# Help! New guy building a Fw 190A-9



## agentsmith (Mar 27, 2005)

Hello to all:

I am building a Hasegawa Fw 190A-8 1/32 scale kit and am converting it into a A-9 and after reading the Osprey book ''Fw 190 Production Line to Frontline'' there is mention that a few Fw 190A-9's were built with the large Ta 152 style tail. Also in the Kegaro Fw 190 Vol. 2 book there was mention of some A-9's built with the large tail assembly.

Does anyone know of any other reference books that have any information or pictures of these big tailed A-9's?
Information on the Werk Nummern would also be of great interest.

TIA,
agentsmith


----------



## John P (Sep 1, 1999)

Howdy!

Well, there are probably a few thousand books out there on the ol' Butcher Bird.

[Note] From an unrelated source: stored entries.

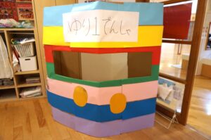 画用紙を貼って色鮮やかな電車になりましたが子どもたちにとってはまだまだ寂しく感じるようで・・・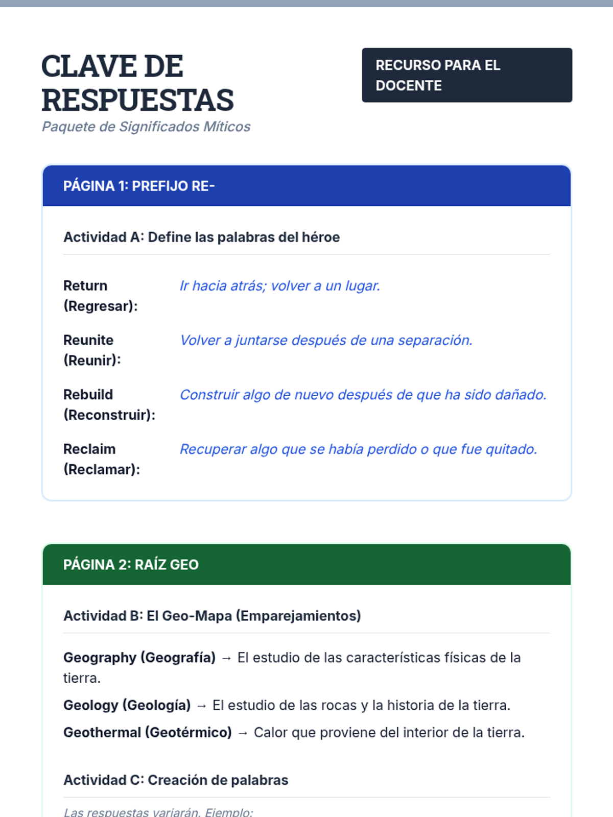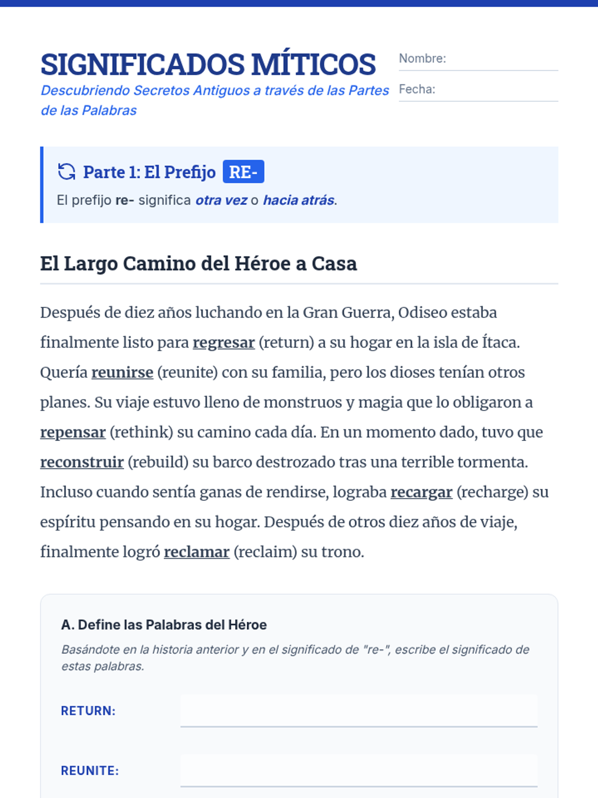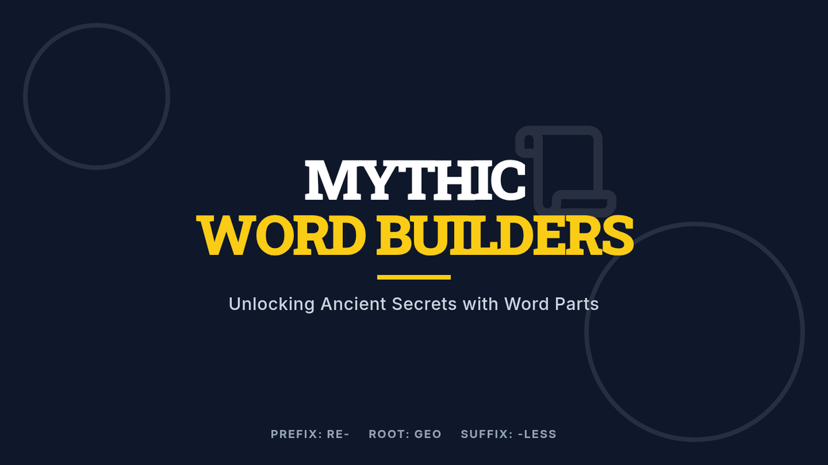 A focused study on the prefix 'RE-', the root 'GEO', and the suffix '-LESS' through the lens of Greek and Roman mythology. Students will read myth-inspired stories and complete activities to master these common word parts.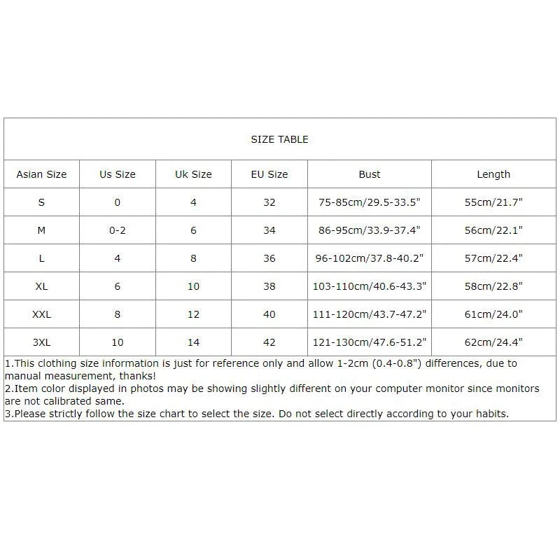 1.This clothing size information is just for reference only and allow 1-2cm (0.4-0.8") differences, due to manual measurement, thanks! 2.Item color displayed in photos may be showing slightly different on your computer monitor since monitors are not calibrated same. 3.Please strictly follow the size chart to select the size. Do not select directly according to your habits. |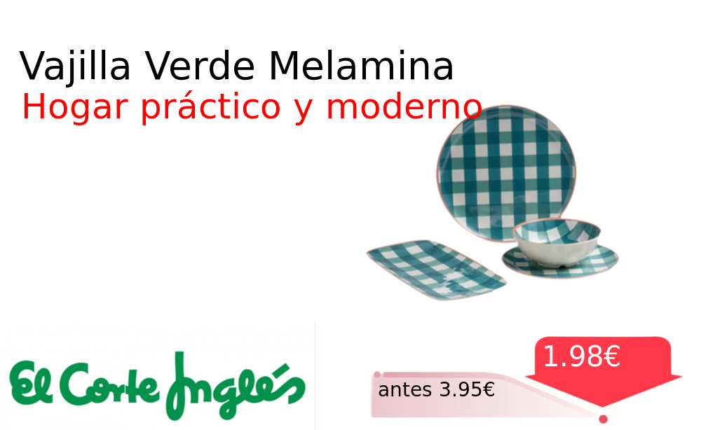 40% 📉 Vaya descuentazo‼‼ Vajilla Verde Melamina❗️🆕 #Elcorteingles 📛Precio Ya 1.98€❗️ (PVP: +3.95€) ✨Vajilla de melamina color verde ideal para uso diario Piezas individuales que combinan diseño y funcionalidad en tu hogar con diseno innovador y funcional. cholloya.com/NICA_VERDE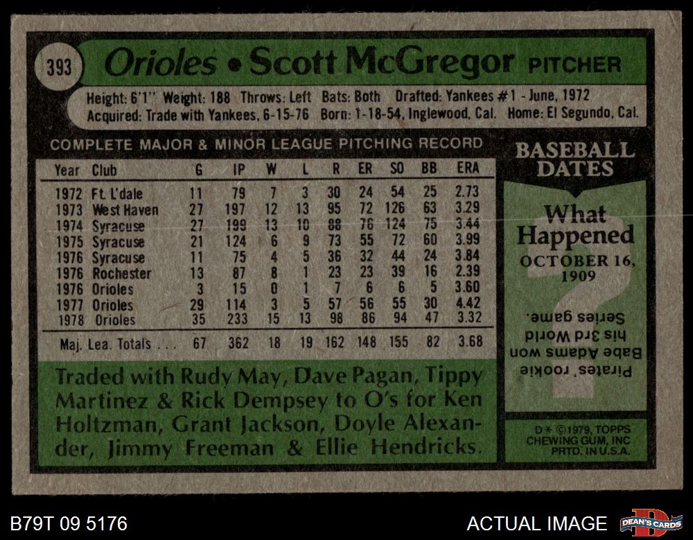 1979 Topps #393 Scott McGregor 5 - EX

You might try searches at:

www.squadron.com
http://www.zenithpress.com/Store/default.aspx
http://www.motorbooks.com/Store/CustomPage_6134.ncm

to start.

Good luck!


----------



## agentsmith (Mar 27, 2005)

John,

Thanks for the reply.
I have quite a few books on the Fw 190 already and the A-9 is rarely mentioned and almost no photographs of them are included.
What I am trying to do is to avoid is buying more books that have the same old information that I already have, something I have done a lot of the last two years.

There are some new books that might be available later this year or early next year from JaPo and EagleEditions about the Fw 190, the JaPo Bf 109 books are very good with many unpublished pictures and I hope their Fw 190 books are the same.
EagleEditions two books that are yet to be released are said to have a large number of unpublished pictures to be included in them of late war Fw 190's, including some 190's with the big tail.
I am really looking forward to these new books and am always searching for other titles with new info or pics.

agentsmith


----------



## John P (Sep 1, 1999)

I'll have to keep an eye out for those new books, thanks!


----------